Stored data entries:
|---|
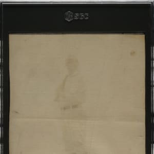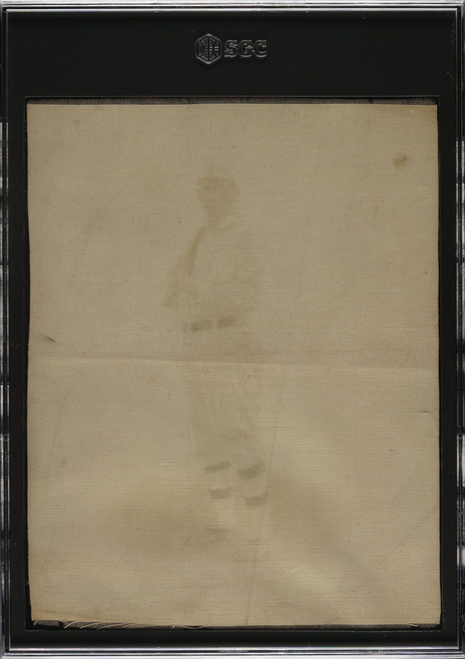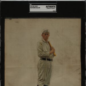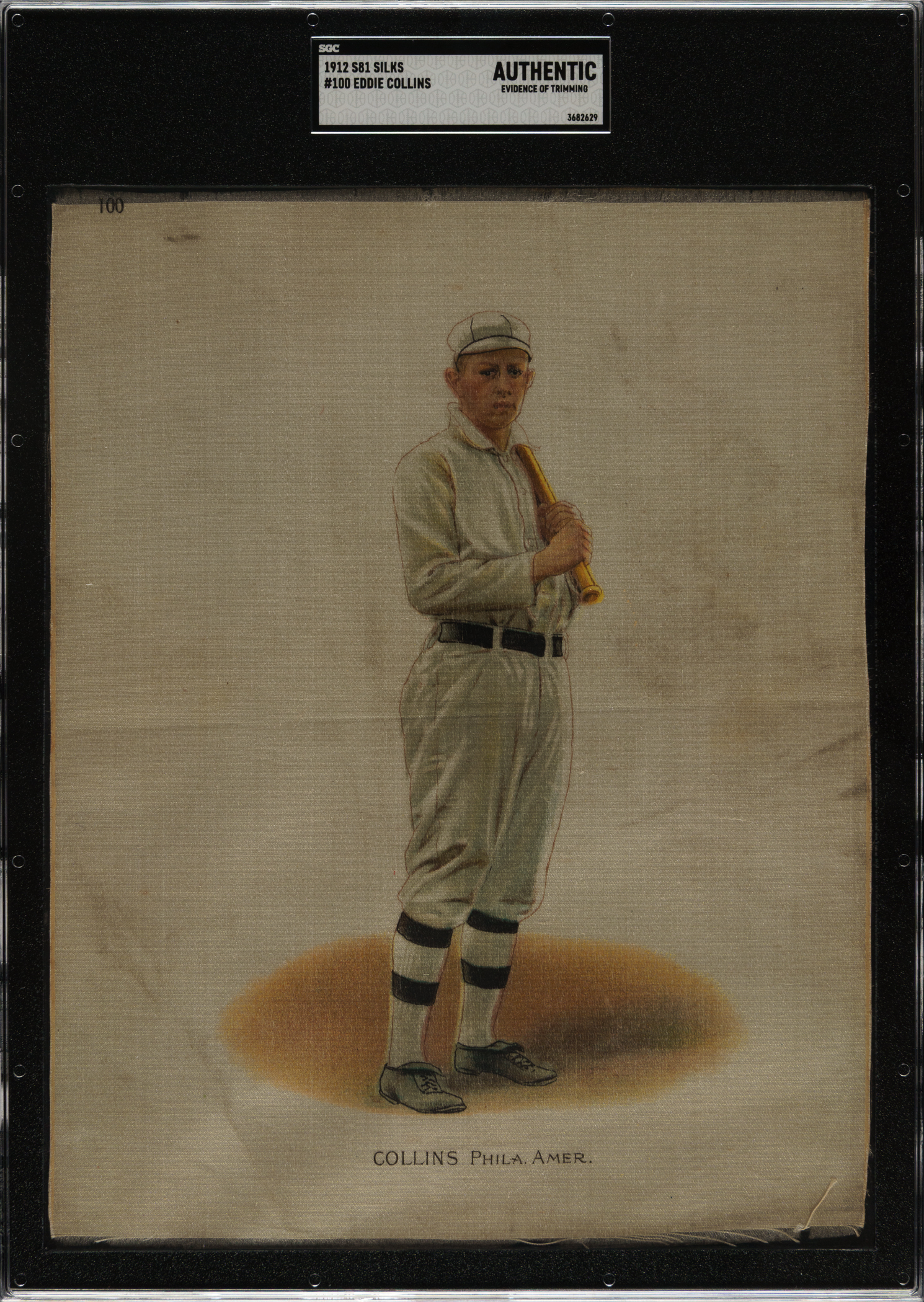 Rarely offered example of Philadelphia Athletics Hall of Famer Eddie Collins from the 1912 S81 Large Silk tobacco-premium issue. S81 silks could be obtained only by mail, in exchange for 20 Helmar Tobacco gift coupons per silk. The redeemable coupons were inserted one coupon per pack, so it is not surprising that these premiums are extremely rare. Eddie Collins is one of the key Hall of Famers in the set, which includes 25 subjects. This is one of the rarest and most desirable of all Collins tobacco issues. Encapsulated as "Authentic" by SGC due to being trimmed on multiple edges.
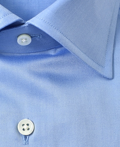 ■襟の表裏のパターンに差をつけ、コンパクトかつ構築的な襟を実現。品の良いドレスシャツの証である、首に巻きつくような内巻きフォルムは、匠によるいせ込み技術の成果です。
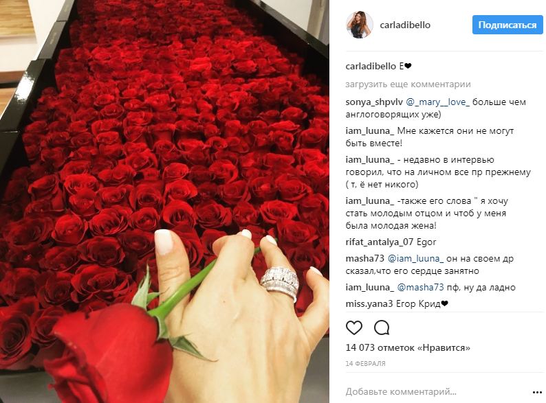 Позже Егор заявил: с Карлой они просто дружат. «Мы с ней общаемся, дружим. Она классный собеседник. Учит меня английскому и дает комментарии по жизни. Круто, когда есть люди, у которых можно чему-то поучиться. Назвать это романом трудно», — сказал он. Но вот фотографии в Instagram говорят сами за себя.
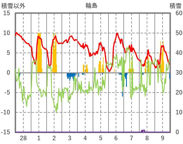 | 日 | 時 | 気温 | 降水 | 風向/風速 | 日照 | 積雪 | 降雪 |
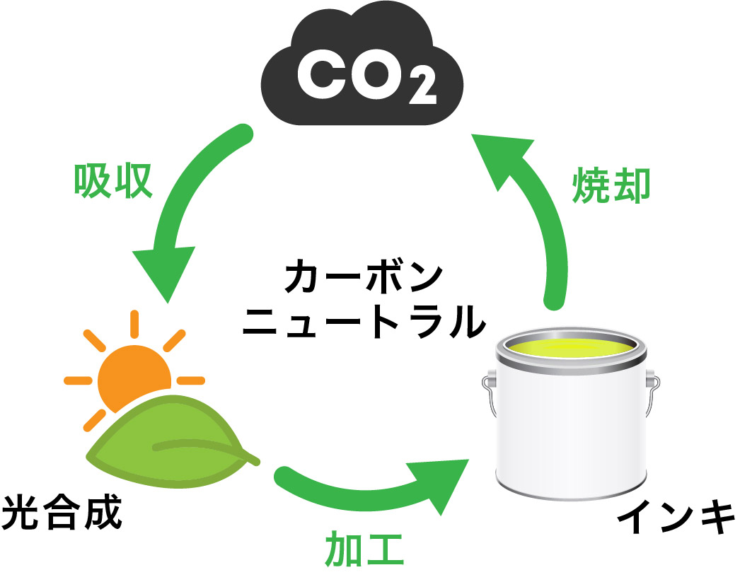 バイオマスインキは、原料の植物が成長する過程でCO₂を吸収するため、廃棄の際の燃焼時に同量のCO2を排出しますが、バイオマス原料が燃焼時に排出するCO2は、カーボンニュートラルの観点から温室効果ガスではないとみなされます。
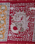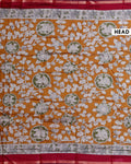 - Elevate your style with this exquisite semi Chanderi Kalamkari saree featuring traditional hand painted motifs and a rich red border.
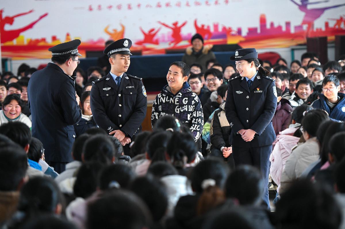 1月26日,安徽省马鞍山市和县公安局民警走进善厚中学,开展“拒绝校园欺凌”主题宣传,通过案例解析、现场互动等方式,提升学生法治意识和自我保护意识。
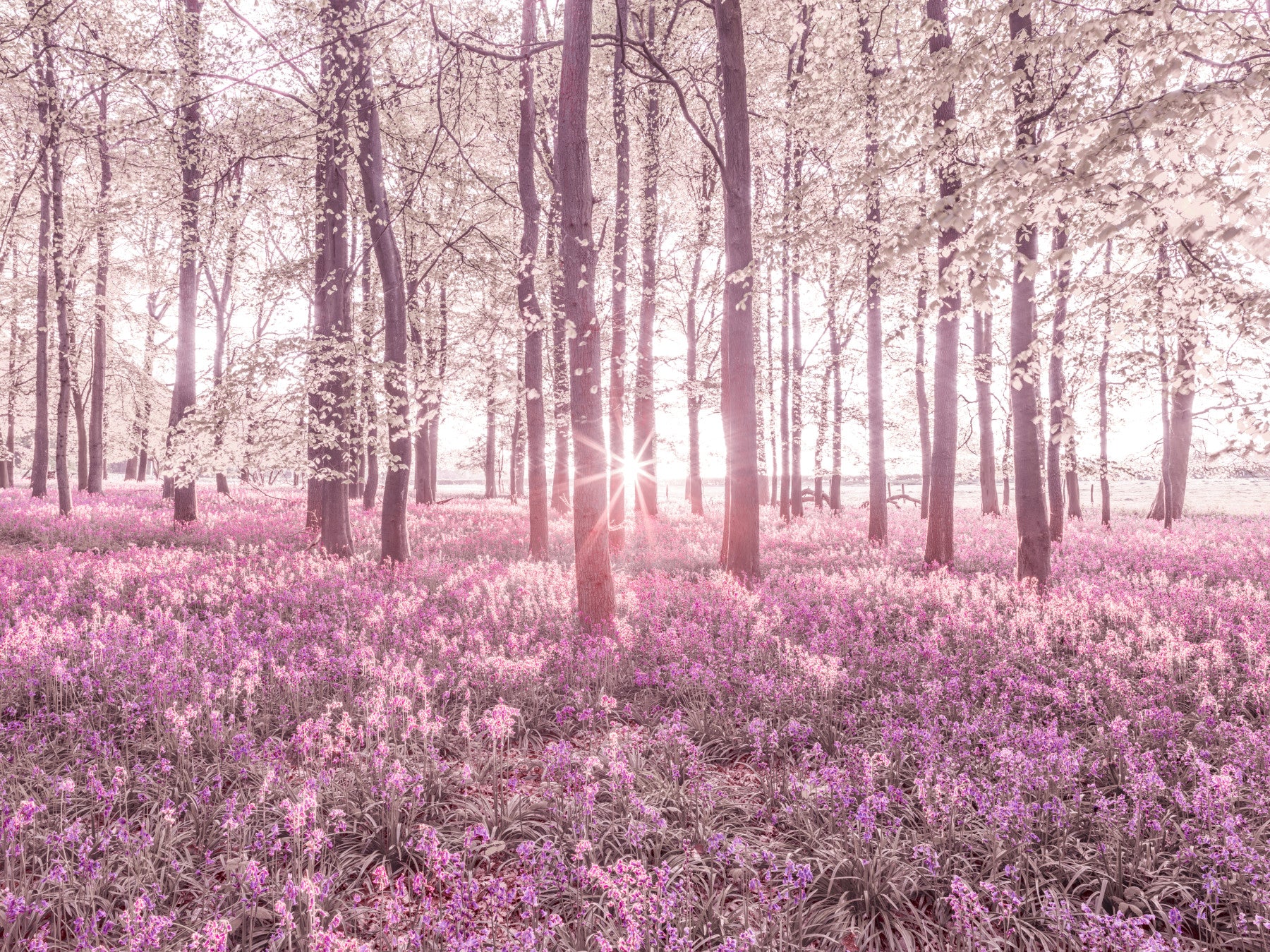 Bluebell forest. Bring an airy, floral dream into your home with this wallpaper. A luminous forest filled with pink and white blossoms invites serenity, while sunlight highlights the depth of the landscape. Perfect wallpaper for walls to brighten any room. This botanical scene works wonderfully in bedrooms or nurseries. The gentle colour palette and natural theme complements interiors, creating a sophisticated and calming effect. It’s a visual escape to an enchanted wood.
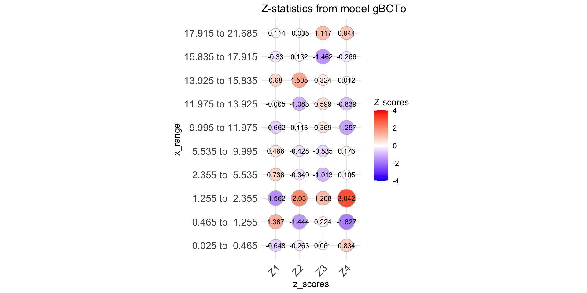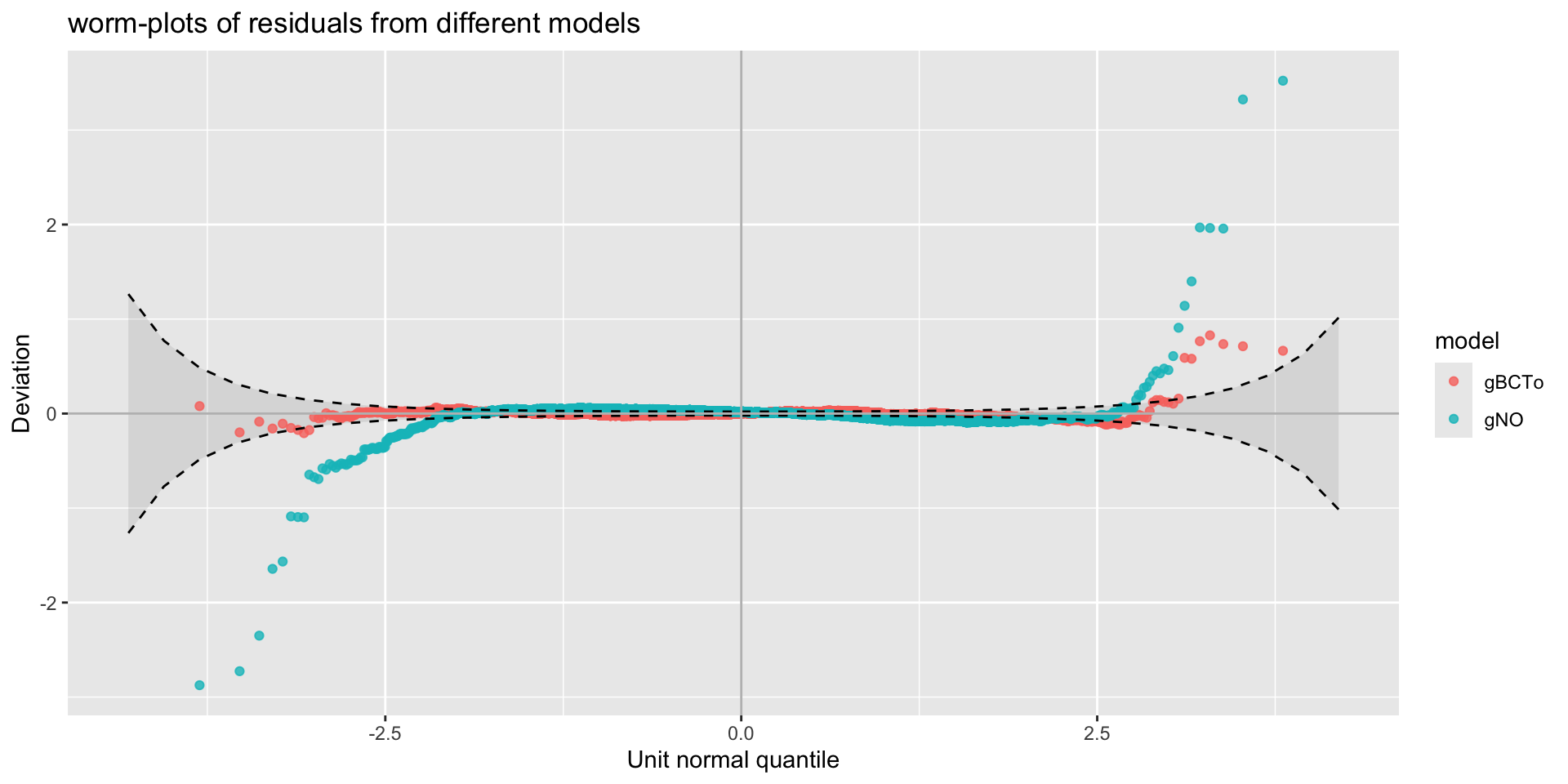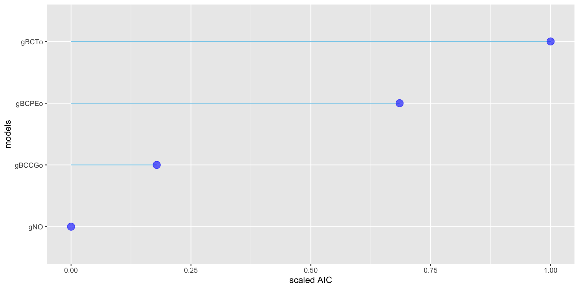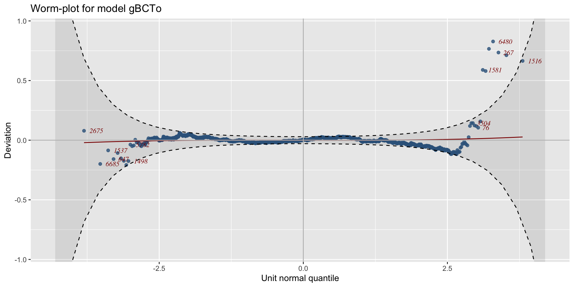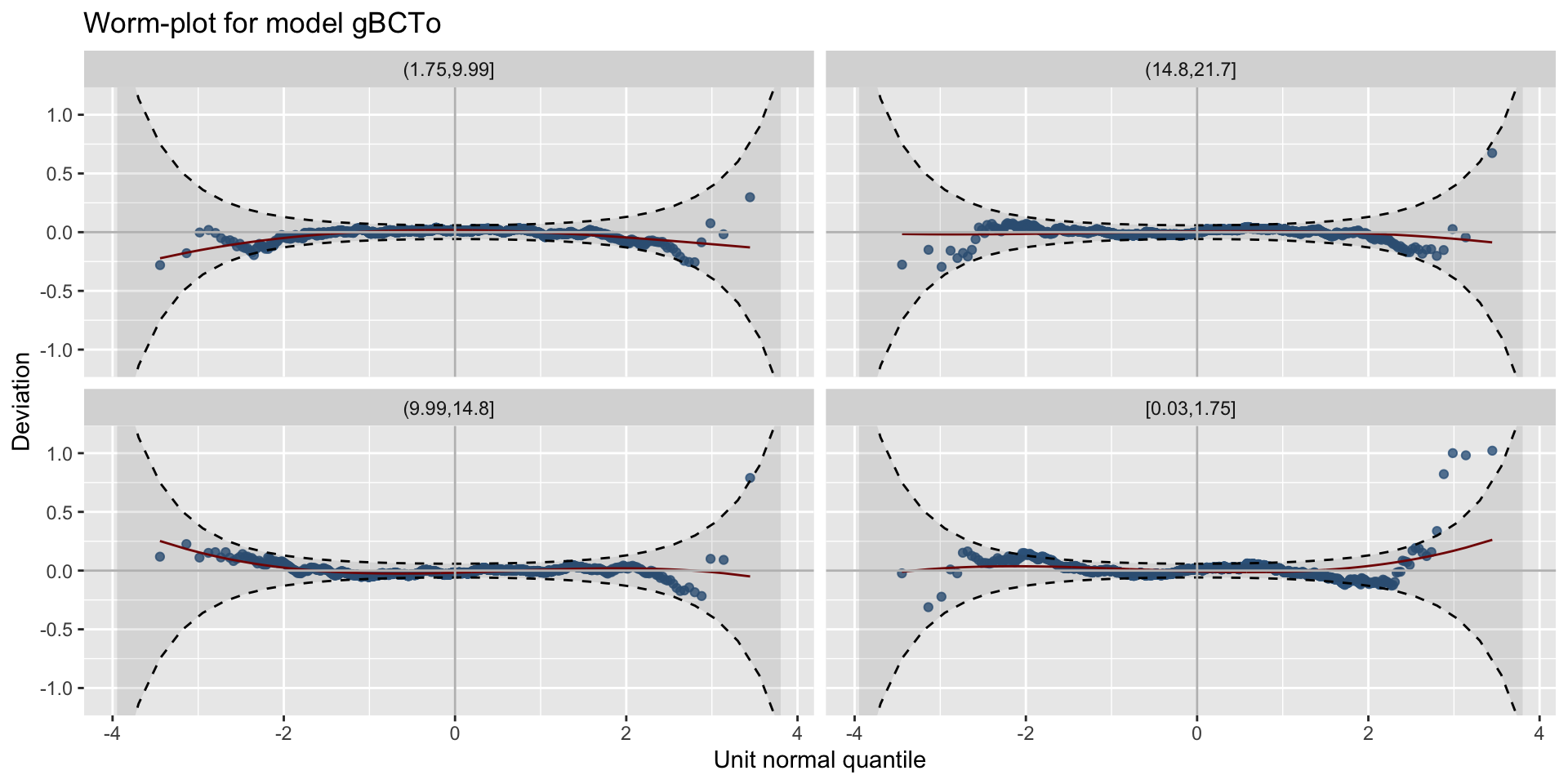 \[\begin{eqnarray} z = \frac{1}{\sigma \nu} \left[\left( \frac{y}{\mu}\right)^{\nu}-1 \right], & \ \textrm{if} \ \nu \neq 0 \nonumber \\ = \frac{1}{\sigma}\log\left(\frac{y}{\mu}\right), & \ \textrm{if} \ \nu =0. \nonumber \end{eqnarray}\]LMS methodif \(Z \sim N(0,1)\) then \(Y \sim BCCG(\mu, \sigma, \nu) =\) LMS method
|---|
What you are asked to do: For this exercise, return the data above exactly and leave every picture out.

Answer to this exercise:
 Rarely offered example of Philadelphia Athletics Hall of Famer Eddie Collins from the 1912 S81 Large Silk tobacco-premium issue. S81 silks could be obtained only by mail, in exchange for 20 Helmar Tobacco gift coupons per silk. The redeemable coupons were inserted one coupon per pack, so it is not surprising that these premiums are extremely rare. Eddie Collins is one of the key Hall of Famers in the set, which includes 25 subjects. This is one of the rarest and most desirable of all Collins tobacco issues. Encapsulated as "Authentic" by SGC due to being trimmed on multiple edges.
 ■襟の表裏のパターンに差をつけ、コンパクトかつ構築的な襟を実現。品の良いドレスシャツの証である、首に巻きつくような内巻きフォルムは、匠によるいせ込み技術の成果です。
 Позже Егор заявил: с Карлой они просто дружат. «Мы с ней общаемся, дружим. Она классный собеседник. Учит меня английскому и дает комментарии по жизни. Круто, когда есть люди, у которых можно чему-то поучиться. Назвать это романом трудно», — сказал он. Но вот фотографии в Instagram говорят сами за себя.
 | 日 | 時 | 気温 | 降水 | 風向/風速 | 日照 | 積雪 | 降雪 |
 バイオマスインキは、原料の植物が成長する過程でCO₂を吸収するため、廃棄の際の燃焼時に同量のCO2を排出しますが、バイオマス原料が燃焼時に排出するCO2は、カーボンニュートラルの観点から温室効果ガスではないとみなされます。
 - Elevate your style with this exquisite semi Chanderi Kalamkari saree featuring traditional hand painted motifs and a rich red border.
 1月26日,安徽省马鞍山市和县公安局民警走进善厚中学,开展“拒绝校园欺凌”主题宣传,通过案例解析、现场互动等方式,提升学生法治意识和自我保护意识。
 Bluebell forest. Bring an airy, floral dream into your home with this wallpaper. A luminous forest filled with pink and white blossoms invites serenity, while sunlight highlights the depth of the landscape. Perfect wallpaper for walls to brighten any room. This botanical scene works wonderfully in bedrooms or nurseries. The gentle colour palette and natural theme complements interiors, creating a sophisticated and calming effect. It’s a visual escape to an enchanted wood.
 \[\begin{eqnarray} z = \frac{1}{\sigma \nu} \left[\left( \frac{y}{\mu}\right)^{\nu}-1 \right], & \ \textrm{if} \ \nu \neq 0 \nonumber \\ = \frac{1}{\sigma}\log\left(\frac{y}{\mu}\right), & \ \textrm{if} \ \nu =0. \nonumber \end{eqnarray}\]LMS methodif \(Z \sim N(0,1)\) then \(Y \sim BCCG(\mu, \sigma, \nu) =\) LMS method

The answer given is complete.